Records provided |
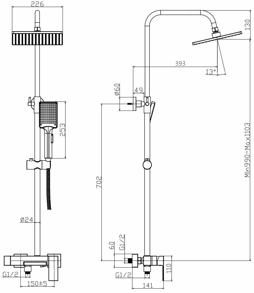 | Комплектация | смеситель - 1 шт. / дивертор - 1 шт. / душевая штанга - 1 шт. / душевая лейка - 1 шт. / душевой шланг - 1 шт. / тропический душ - 1 шт. / держатель душевой лейки - 1 шт. / пластиковый аэратор - 1 шт. |
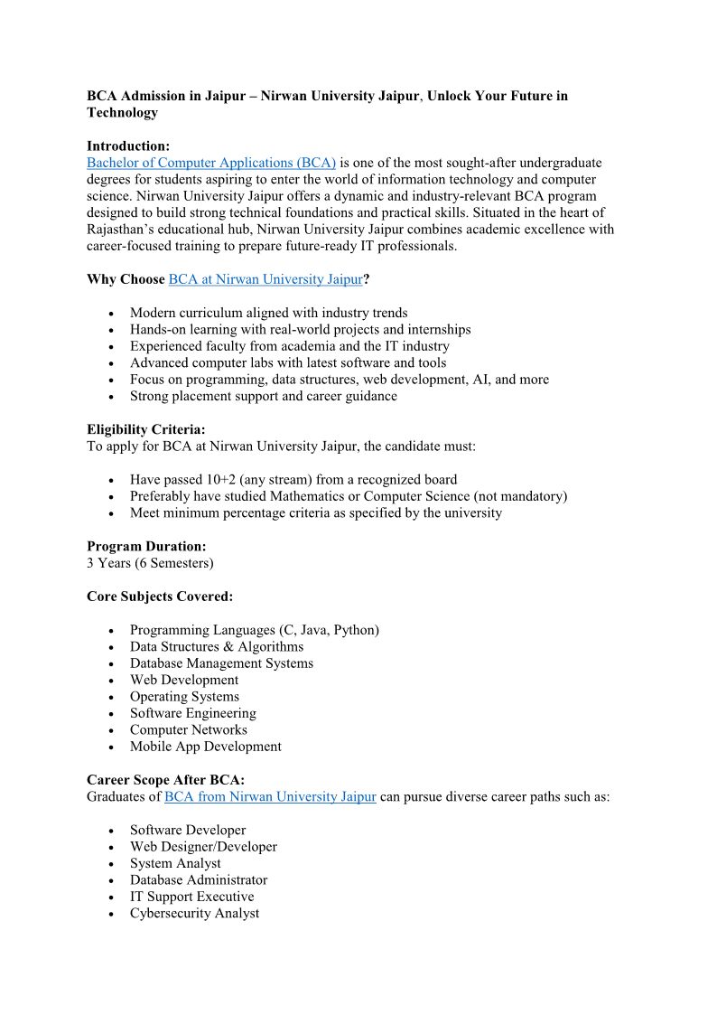 BCA Admission Open at Nirwan...
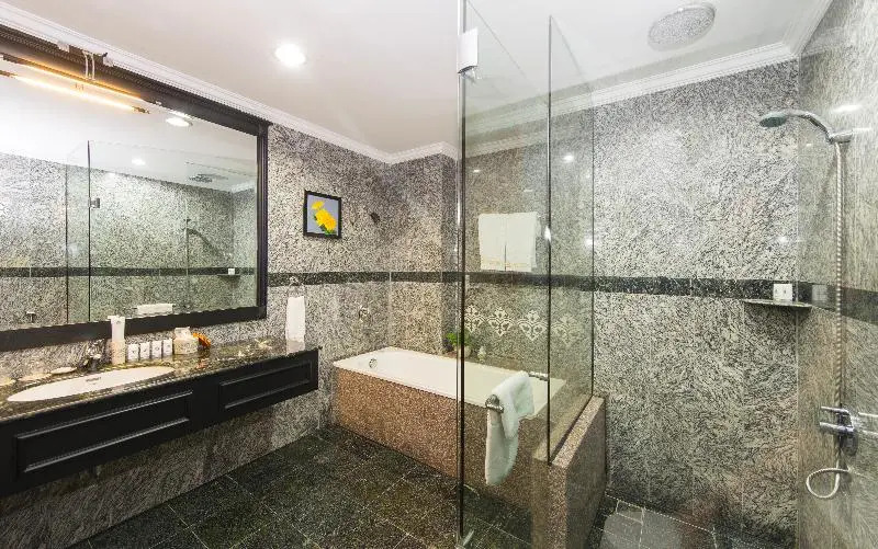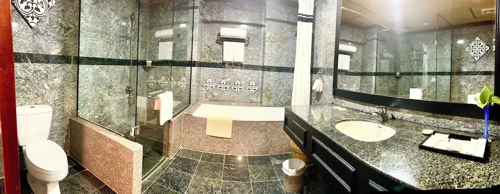 В отеле:Скоротать вечер или приятно провести время перед сном в уютной атмосфере можно в баре. Для гостей работает ресторан. Попробуйте кофе в кафе — вдруг именно он станет лучшим в городе? Хотите оставаться на связи? В отеле есть бесплатный Wi-Fi.; Специально для автопутешественников организована парковка. Среди услуг для красоты и здоровья — массажный кабинет, сауна, паровая баня и спа-центр. Специально к услугам гостей, не упускающих возможность заняться спортом, фитнес-центр и тренажёрный зал. Скучно не будет, ведь в отеле к услугам отдыхающих казино, караоке, библиотека и площадка для барбекю.; Для тех, кто не представляет отдых без водных удовольствий, есть бассейн и открытый бассейн. Для бизнес-мероприятий предусмотрен конференц-зал. Дети будут рады! Работает детская игровая комната. Если планируете экскурсии, обратите внимание на экскурсионное бюро отеля.; Сотрудники отеля по запросу организуют гостям трансфер. Доступная среда: работает лифт. Гостям доступны и другие услуги. Например, прачечная, химчистка, банкомат, индивидуальная регистрация заезда и отъезда, гладильные услуги, пресса, прокат автомобилей, сейф и консьерж. Сотрудники отеля поддержат беседу на английском.
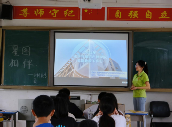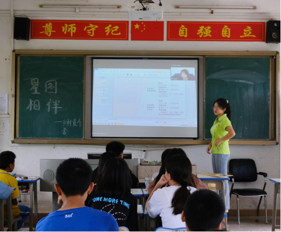助学助理陈钰在线下给骆湖镇参加“星图相伴”乡村夏令营的初中学生们简述本专科生国家助学金。她向同学们介绍道,国家助学政策资助对象是家庭经济困难的普通高校全日制本专科学生,资助内容包括广东省家庭经济困难大学新生资助、广东省少数民族聚居区少数民族大学生资助、南粤扶残助学工程以及“绿色通道”。通过陈钰的讲解,同学们第一次了解到大学的助学政策,明白了如今并不需要担心考上大学后交不起学费的问题。
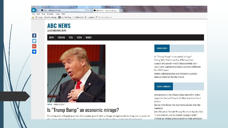Consider the Source Fake news can slip into your life in many ways. Be wary of sponsored content, suggested posts, and third party advertising…even on trusted sites Does a quick search for the name of the website raise any suspicions? Be careful of sites with names similar to those you trust, for example ABCnews. com. co is a fake news site which mimics the URL, design and logo of the actual news site ABCnews. com
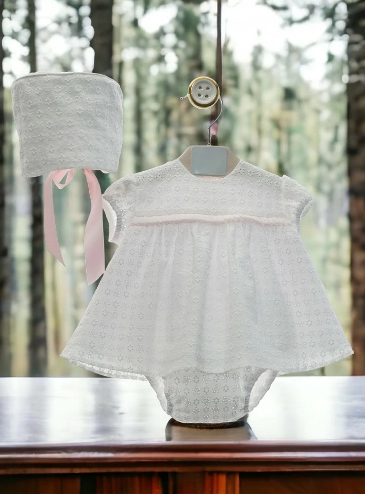 Confeccionado batista bordada en blanco con tablita y lazo rosa bebé
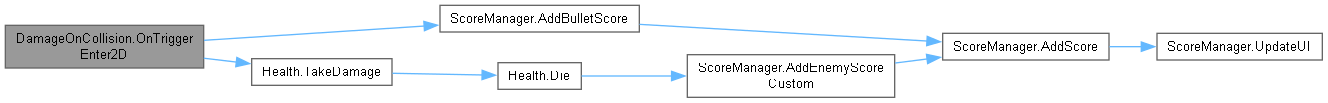 Hace referencia a ScoreManager.AddBulletScore(), damageToEnemy, damageToPlayer, destroySelf, ScoreManager.Instance y Health.TakeDamage().

Assignment | Please reproduce the lines exactly from the one containing "Confeccionado batista bordada" through the last line of the data above, and keep the pictures out.

Written solution |
 Confeccionado batista bordada en blanco con tablita y lazo rosa bebé
 Hace referencia a ScoreManager.AddBulletScore(), damageToEnemy, damageToPlayer, destroySelf, ScoreManager.Instance y Health.TakeDamage().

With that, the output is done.